Understanding Projectile Motion
Projectile motion occurs when an object is launched into the air and follows a curved path under gravity alone. Unlike horizontal motion (which remains constant) or vertical freefall, projectile motion combines both—the object travels forward while simultaneously rising and falling. The resulting trajectory is always parabolic when air resistance is negligible.
Two key principles govern this motion:
- Horizontal velocity stays constant—gravity has no horizontal component, so the projectile covers equal horizontal distances in equal time intervals.
- Vertical velocity changes linearly—gravity pulls downward at 9.81 m/s² on Earth, continuously accelerating the projectile downward regardless of its initial upward speed.
By decomposing the initial velocity into horizontal and vertical components, you can calculate where the projectile will be at any moment during flight.
Core Projectile Motion Equations
These equations connect initial conditions (velocity, angle, height) to trajectory outcomes (range, time of flight, peak height, and position at any time):
v₀ₓ = v₀ × cos(α)
v₀ᵧ = v₀ × sin(α)
t_total = (v₀ᵧ + √(v₀ᵧ² + 2gh₀)) ÷ g
d = v₀ₓ × t_total
h_max = v₀ᵧ² ÷ (2g) + h₀
x(t) = v₀ₓ × t
y(t) = h₀ + v₀ᵧ × t − ½ × g × t²
vₓ(t) = v₀ₓ
vᵧ(t) = v₀ᵧ − g × t
v(t) = √(vₓ² + vᵧ²)
v₀— Initial velocity of the projectileα— Launch angle measured from the horizontalg— Gravitational acceleration (9.81 m/s² on Earth)h₀— Launch height above the groundt— Time elapsed since launchd— Horizontal distance (range) traveledh_max— Maximum height reached during flight
Building Your Launcher & Taking Measurements
A simple tension-based launcher works well for this experiment.
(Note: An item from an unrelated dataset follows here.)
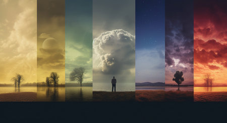 A collage of four weather scenes: lightning and thunder on the left side, a blue sky with white clouds in the center, the sun shining brightly on the right side, and a clear sky without any clouds on the bottom half of the photo. The colors are vibrant and vivid. --ar 19:10 --v 6.1 Job ID: dcd33476-7f63-4d9a-a138-bc56bca06ff9

Stretch a light-resistance exercise band (such as TheraBand) across the front legs of a chair, then load a rubber ball into the band. Release it suddenly to achieve consistent initial velocity.
Before launching:
- Clear a straight pathway 6–7 meters long with no fragile objects, mirrors, or windows in the flight path.
- Wear safety goggles and alert nearby people of the activity.
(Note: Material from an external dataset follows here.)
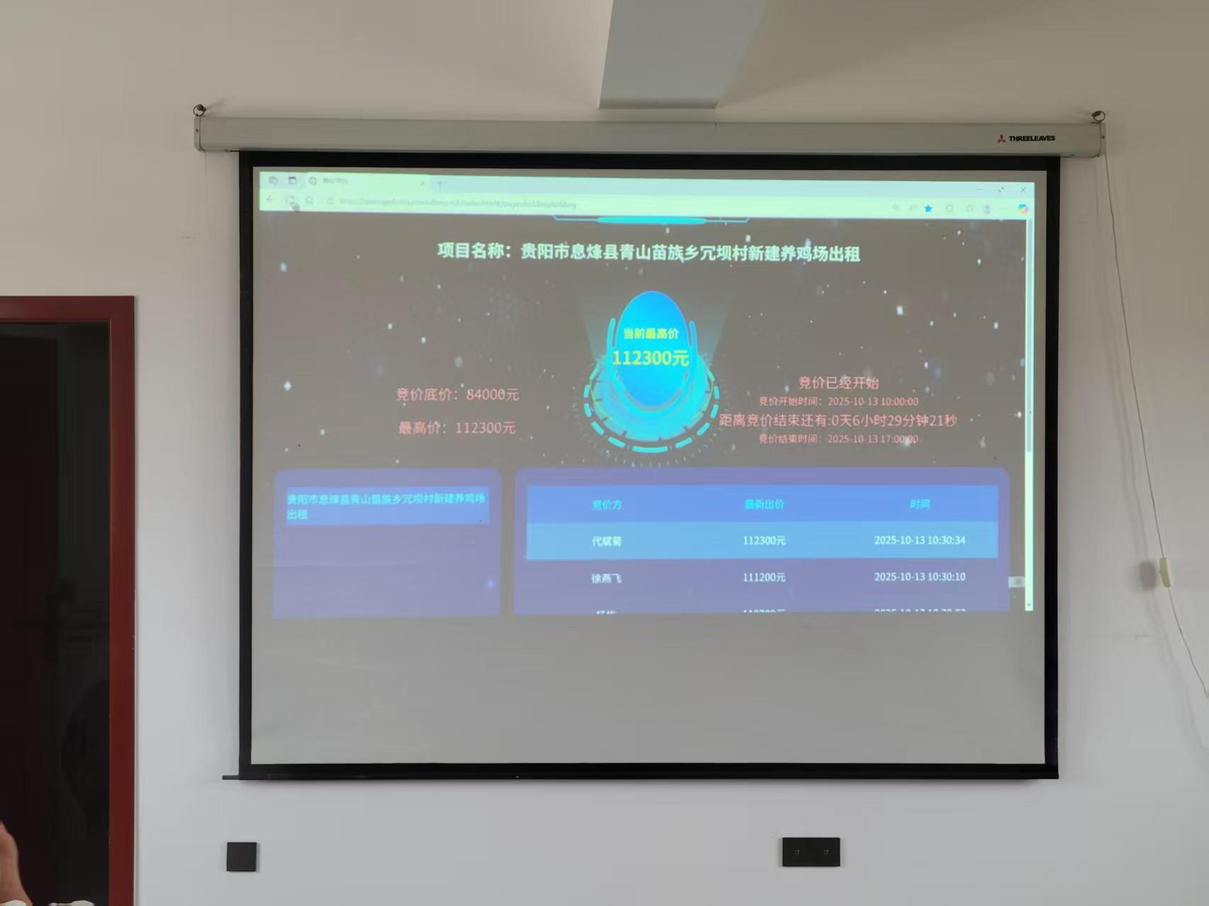 针对新建养鸡场的独特优势,息烽农村产权交易中心通过线上公众号重点宣传项目亮点,最终吸引6家市场主体(含1家养殖企业、5户个体经营户)报名参与竞价,形成激烈竞争态势。2025年10月13日开启网络竞价,各意向承租方围绕养鸡场的全新设施优势展开出价。竞价从8.4万元起始价开始,经过52次出价,最终以14.42万元成功竞得承租权。此次成交价格较挂牌起始价溢价6.02万元,溢价率高达71.67%,远超预期增值目标,充分彰显了新建养殖资产在市场化竞争中的强劲价值潜力。

- Mark the launch point with tape so all launches originate from the same spot.
Recording data:
- Use a measuring tape or meter stick to record where the ball lands. Repeat at least five times to establish an average range.
- Video your launches with a smartphone to count frames and estimate flight time, or use a stopwatch (though video gives better accuracy).
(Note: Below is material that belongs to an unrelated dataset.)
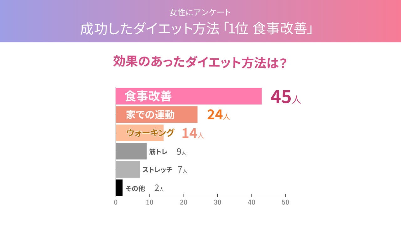 成功したダイエット方法「1位 食事改善」「2位 家での運動」

- Note the launch angle (measure with a protractor or estimate visually) and launch height (distance from ball to ground at release).
Once you have range and time of flight, you can calculate the initial velocity and use this calculator to explore trajectories at other angles.
Common Pitfalls & Practical Tips
Avoid these mistakes to ensure repeatable, accurate measurements:
- Inconsistent release technique — Even small variations in how you stretch and release the band alter launch velocity. Practice the motion several times with the same tension, mark your hand position, and release from the same point each time. Consistency is more important than perfection.
- Measuring range when the ball bounces — Mark where the projectile first lands, not where it stops after bouncing. A marker or piece of tape on the floor works better than trying to follow the ball by eye, especially over longer distances.
- Ignoring air resistance — A lightweight or high-drag projectile (foam ball, shuttlecock) will deviate from parabolic theory. Use a denser ball like a rubber or basketball for closer agreement with calculations. Humidity, spin, and wind also introduce small errors.
- Launching from an inconsistent height — If your launcher rests on a chair that moves or shifts between shots, the launch height changes, throwing off your measurements. Secure the chair against a wall or have a partner hold it stable.
Interpreting Results & Why 45° is Special
The 45-degree launch angle maximizes horizontal range for any given initial velocity. This is because range depends on the factor sin(2α)—when α = 45°, sin(2α) = sin(90°) = 1, the maximum possible value. At shallower or steeper angles, range decreases, even with the same launch speed.
However, 45° is not optimal if you launch from an elevated height (such as off a table). In that case, a slightly lower angle often gives greater range because the projectile has more time to fall while traveling forward.
Use your calculator to test this: enter your measured initial velocity and vary the angle while keeping height constant. Plot range against angle—you should see a peak near 45° (for ground-level launches). This hands-on comparison between theory and experiment reinforces why physics matters in sports, military ballistics, and engineering.